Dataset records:

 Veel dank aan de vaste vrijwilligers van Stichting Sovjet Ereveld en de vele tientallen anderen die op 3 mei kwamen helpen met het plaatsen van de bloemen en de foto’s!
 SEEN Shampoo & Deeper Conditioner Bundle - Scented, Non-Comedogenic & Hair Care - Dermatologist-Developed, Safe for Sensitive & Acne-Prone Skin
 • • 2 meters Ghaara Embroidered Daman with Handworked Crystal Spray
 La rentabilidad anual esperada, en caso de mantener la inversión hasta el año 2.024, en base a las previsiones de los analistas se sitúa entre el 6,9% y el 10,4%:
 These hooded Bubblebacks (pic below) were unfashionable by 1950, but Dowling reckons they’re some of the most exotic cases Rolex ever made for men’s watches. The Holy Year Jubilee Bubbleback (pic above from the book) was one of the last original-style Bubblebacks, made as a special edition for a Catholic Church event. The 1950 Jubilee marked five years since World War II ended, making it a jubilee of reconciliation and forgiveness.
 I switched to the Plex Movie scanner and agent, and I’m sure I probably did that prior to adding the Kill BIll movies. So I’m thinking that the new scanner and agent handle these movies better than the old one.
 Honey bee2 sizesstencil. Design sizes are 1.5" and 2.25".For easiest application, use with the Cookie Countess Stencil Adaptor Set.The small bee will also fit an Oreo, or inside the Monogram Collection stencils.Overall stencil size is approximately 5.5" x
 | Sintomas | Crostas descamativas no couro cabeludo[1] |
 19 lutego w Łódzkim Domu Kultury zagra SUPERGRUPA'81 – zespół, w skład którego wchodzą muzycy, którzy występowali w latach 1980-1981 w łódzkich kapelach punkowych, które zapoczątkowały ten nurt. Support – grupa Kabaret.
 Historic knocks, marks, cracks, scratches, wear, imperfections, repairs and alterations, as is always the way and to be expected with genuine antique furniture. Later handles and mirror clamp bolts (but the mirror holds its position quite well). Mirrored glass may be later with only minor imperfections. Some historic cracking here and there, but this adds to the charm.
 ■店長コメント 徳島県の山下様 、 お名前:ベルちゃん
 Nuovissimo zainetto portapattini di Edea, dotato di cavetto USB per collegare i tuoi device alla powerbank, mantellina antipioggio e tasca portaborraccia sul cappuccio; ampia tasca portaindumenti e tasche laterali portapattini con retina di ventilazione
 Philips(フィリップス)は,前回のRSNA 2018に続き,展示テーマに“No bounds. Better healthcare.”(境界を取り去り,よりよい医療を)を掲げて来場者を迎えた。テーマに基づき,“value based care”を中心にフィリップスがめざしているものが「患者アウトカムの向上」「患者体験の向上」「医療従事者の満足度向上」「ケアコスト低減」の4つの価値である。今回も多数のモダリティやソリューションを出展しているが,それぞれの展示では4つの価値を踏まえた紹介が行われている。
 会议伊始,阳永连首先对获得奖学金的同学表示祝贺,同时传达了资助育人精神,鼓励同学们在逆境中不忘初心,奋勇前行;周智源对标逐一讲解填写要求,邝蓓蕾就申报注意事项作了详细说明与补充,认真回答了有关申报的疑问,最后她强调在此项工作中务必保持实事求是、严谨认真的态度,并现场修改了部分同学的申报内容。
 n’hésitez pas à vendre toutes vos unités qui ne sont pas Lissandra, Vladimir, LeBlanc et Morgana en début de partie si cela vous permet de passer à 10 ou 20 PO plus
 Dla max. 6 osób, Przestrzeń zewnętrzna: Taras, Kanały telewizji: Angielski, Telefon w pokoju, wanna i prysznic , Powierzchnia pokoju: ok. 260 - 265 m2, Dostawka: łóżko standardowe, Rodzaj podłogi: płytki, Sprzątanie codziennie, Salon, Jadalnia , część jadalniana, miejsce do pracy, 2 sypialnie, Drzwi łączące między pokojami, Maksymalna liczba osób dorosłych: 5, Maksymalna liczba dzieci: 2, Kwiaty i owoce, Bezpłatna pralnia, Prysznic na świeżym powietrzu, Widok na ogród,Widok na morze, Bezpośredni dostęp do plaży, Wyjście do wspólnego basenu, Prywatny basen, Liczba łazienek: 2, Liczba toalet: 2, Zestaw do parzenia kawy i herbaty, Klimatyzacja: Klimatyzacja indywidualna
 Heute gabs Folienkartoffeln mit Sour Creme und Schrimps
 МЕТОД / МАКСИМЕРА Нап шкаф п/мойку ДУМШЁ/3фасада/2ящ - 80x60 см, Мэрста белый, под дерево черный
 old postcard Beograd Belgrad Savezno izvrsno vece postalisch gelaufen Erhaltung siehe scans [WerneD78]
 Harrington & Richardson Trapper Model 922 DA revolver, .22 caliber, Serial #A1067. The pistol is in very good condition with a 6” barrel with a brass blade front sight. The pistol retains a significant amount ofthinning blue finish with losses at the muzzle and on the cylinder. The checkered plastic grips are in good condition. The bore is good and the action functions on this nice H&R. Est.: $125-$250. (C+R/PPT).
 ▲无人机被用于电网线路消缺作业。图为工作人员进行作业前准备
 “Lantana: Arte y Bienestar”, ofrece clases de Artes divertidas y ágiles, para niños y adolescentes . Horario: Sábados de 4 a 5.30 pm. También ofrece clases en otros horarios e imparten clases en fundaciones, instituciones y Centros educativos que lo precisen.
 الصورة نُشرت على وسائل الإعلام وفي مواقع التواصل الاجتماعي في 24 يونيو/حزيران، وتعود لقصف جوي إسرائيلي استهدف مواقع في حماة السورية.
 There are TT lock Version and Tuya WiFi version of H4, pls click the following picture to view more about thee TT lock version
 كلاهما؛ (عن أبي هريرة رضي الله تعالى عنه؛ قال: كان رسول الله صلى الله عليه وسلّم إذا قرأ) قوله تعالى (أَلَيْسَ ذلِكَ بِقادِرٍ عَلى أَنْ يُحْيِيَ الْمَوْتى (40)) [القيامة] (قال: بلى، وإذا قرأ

WORK REQUEST: Please retype, with no changes, the lines that run from the first line of the entries to the line with "I switched to", both ends included.

EXERCISE ANSWER:
 Veel dank aan de vaste vrijwilligers van Stichting Sovjet Ereveld en de vele tientallen anderen die op 3 mei kwamen helpen met het plaatsen van de bloemen en de foto’s!
 SEEN Shampoo & Deeper Conditioner Bundle - Scented, Non-Comedogenic & Hair Care - Dermatologist-Developed, Safe for Sensitive & Acne-Prone Skin
 • • 2 meters Ghaara Embroidered Daman with Handworked Crystal Spray
 La rentabilidad anual esperada, en caso de mantener la inversión hasta el año 2.024, en base a las previsiones de los analistas se sitúa entre el 6,9% y el 10,4%:
 These hooded Bubblebacks (pic below) were unfashionable by 1950, but Dowling reckons they’re some of the most exotic cases Rolex ever made for men’s watches. The Holy Year Jubilee Bubbleback (pic above from the book) was one of the last original-style Bubblebacks, made as a special edition for a Catholic Church event. The 1950 Jubilee marked five years since World War II ended, making it a jubilee of reconciliation and forgiveness.
 I switched to the Plex Movie scanner and agent, and I’m sure I probably did that prior to adding the Kill BIll movies. So I’m thinking that the new scanner and agent handle these movies better than the old one.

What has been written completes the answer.